Obama Team Studies Romney Tapes as Debate Camp Begins
(LAS VEGAS) -- President Obama convened the final debate camp of his political career in Las Vegas on Sunday, huddling with top advisers at a posh lakeside resort 20 miles east of the Strip for a three-day crash course on Republican rival Mitt Romney.
Aides said a “debate prep team” had been pouring over hours of old videotape of Romney and other past Republican and Democratic candidates ahead of the meetings to glean strategic insights to pass on to Obama, who was last on a debate stage on Oct. 15, 2008. He has never sparred with Romney in person.
The two men will meet face to face for the first time Wednesday night at the debut 2012 presidential debate in Denver.

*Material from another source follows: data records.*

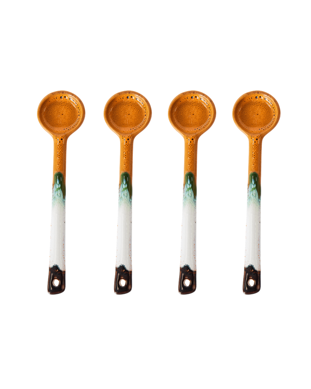 For those who enjoy that last bit of foam in their cappuccino cup, or simply use sugar or milk. The 70's ceramic spoons are not only convenient but also playfully coloured. Available in a set of four, each with its own unique finish.
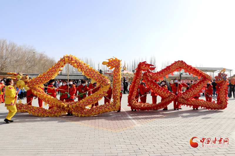 中午一点,随着一阵鼓乐声响起,社火队队员身穿喜庆艳丽的服装,头戴五彩头饰,手舞彩扇,腰系彩带,迈着整齐的步伐,和着铿锵的锣鼓声,扭秧歌,耍龙,逗趣的民间故事人物串场。鼓点时而紧凑,时而舒缓,欢乐又接地气的表演引得在场村民阵阵叫好,这一刻的民勤县沙井文化民俗旅游景区热热闹闹,浓郁的年味儿四处洋溢。
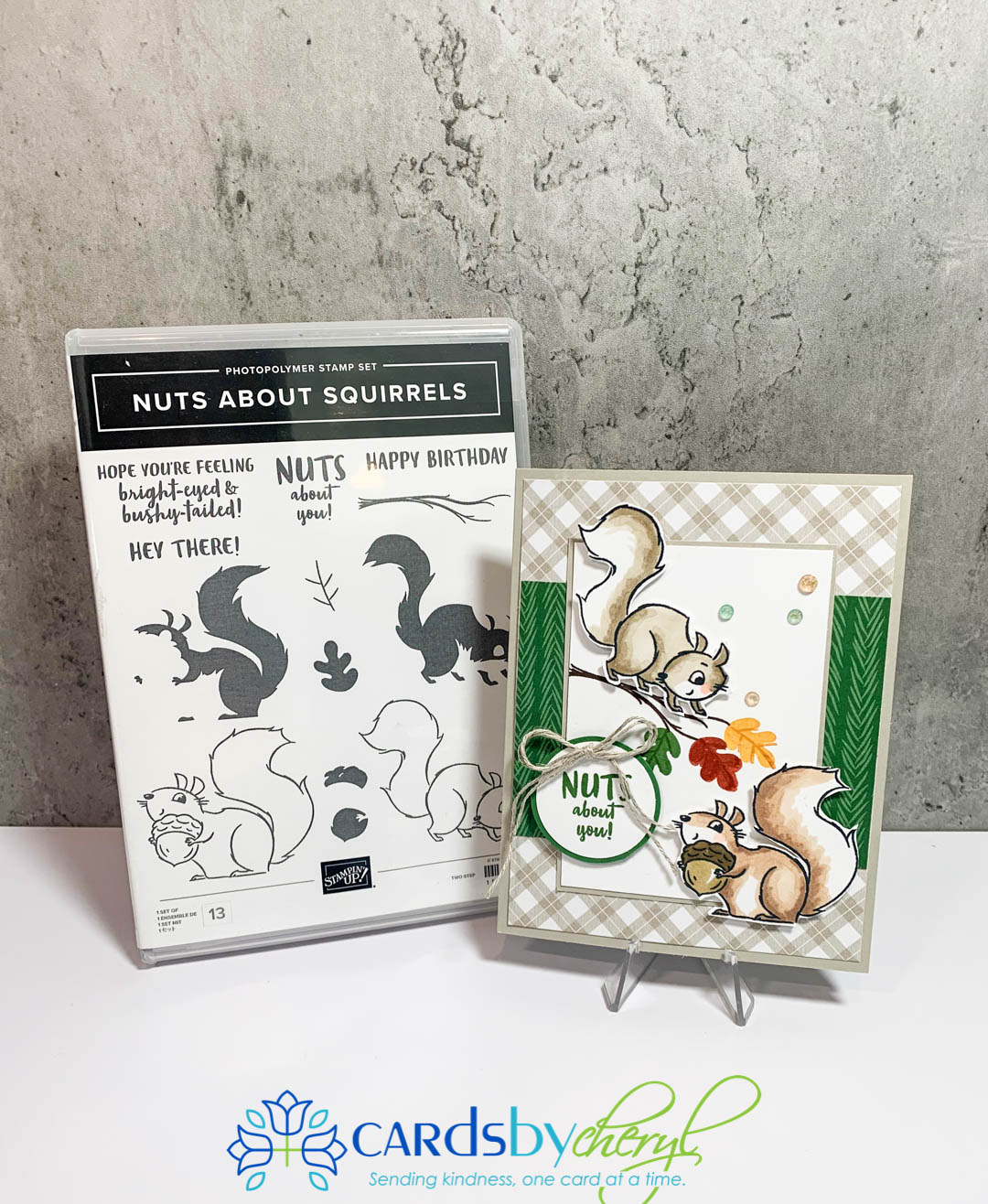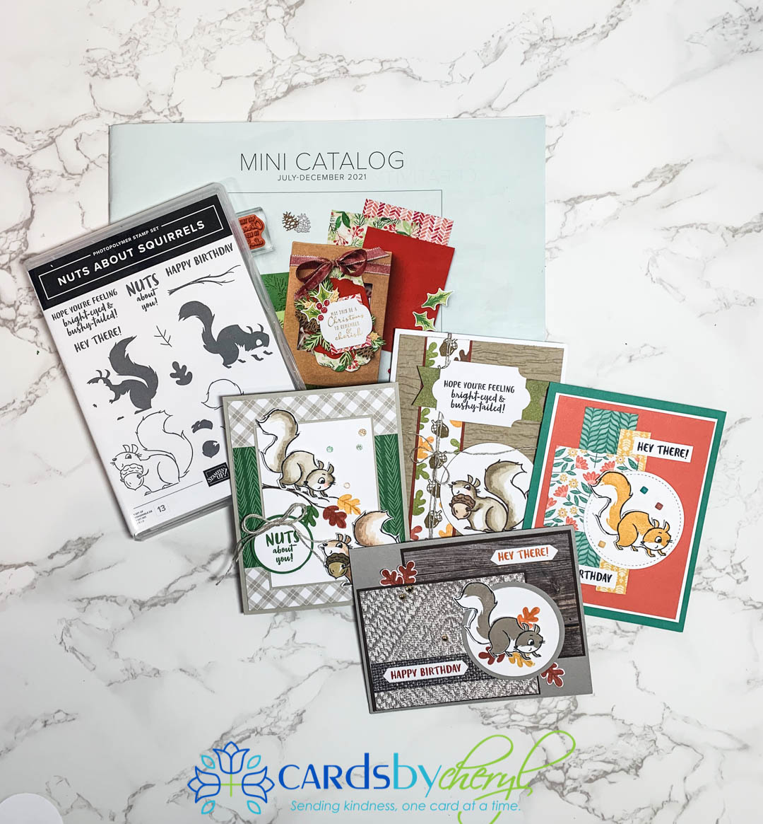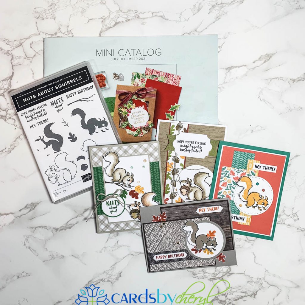Hello friends. The Nuts about Squirrels stamp set is what I used for today’s card. This set is available now in the new mini catalog that just launched on Aug 3rd. I had so much fun creating these cards! Also, it’s Sale-A-Bration time right now so for every $50 you spend you get to choose a free product from this catalog. So, it’s a perfect time to stock up on your holiday items and enjoy free products!

Obama is being coached by a group of veteran Democratic operatives and inner-circle White House advisers, aides said, including senior campaign adviser David Axelrod, pollster Joel Benenson, Democratic strategists Anita Dunn and Ron Klain, National Economic Council director Gene Sperling, and chief of staff Jack Lew.
Former Democratic presidential nominee Sen. John Kerry of Massachusetts is playing Romney in the mock debate sessions.
They are expected to help Obama hone his stylistic presentation on stage -- cultivating an image of a strong and forceful, not passive, candidate while avoiding the appearance of irritation or impatience, which has been a pitfall in the past.
“He’s got to relax. He’s got to show it. He’s got to show a little sense of humor,” former Democratic National Committee chairman and presidential candidate Howard Dean said on ABC’s This Week. “He’s got to show why he’s likable.”
Aides said the president will also be working on speaking more concisely, curbing his tendency to be long-winded. But they noted he would not be explicitly developing “zingers and special lines,” which Romney was said to be practicing, according to the New York Times.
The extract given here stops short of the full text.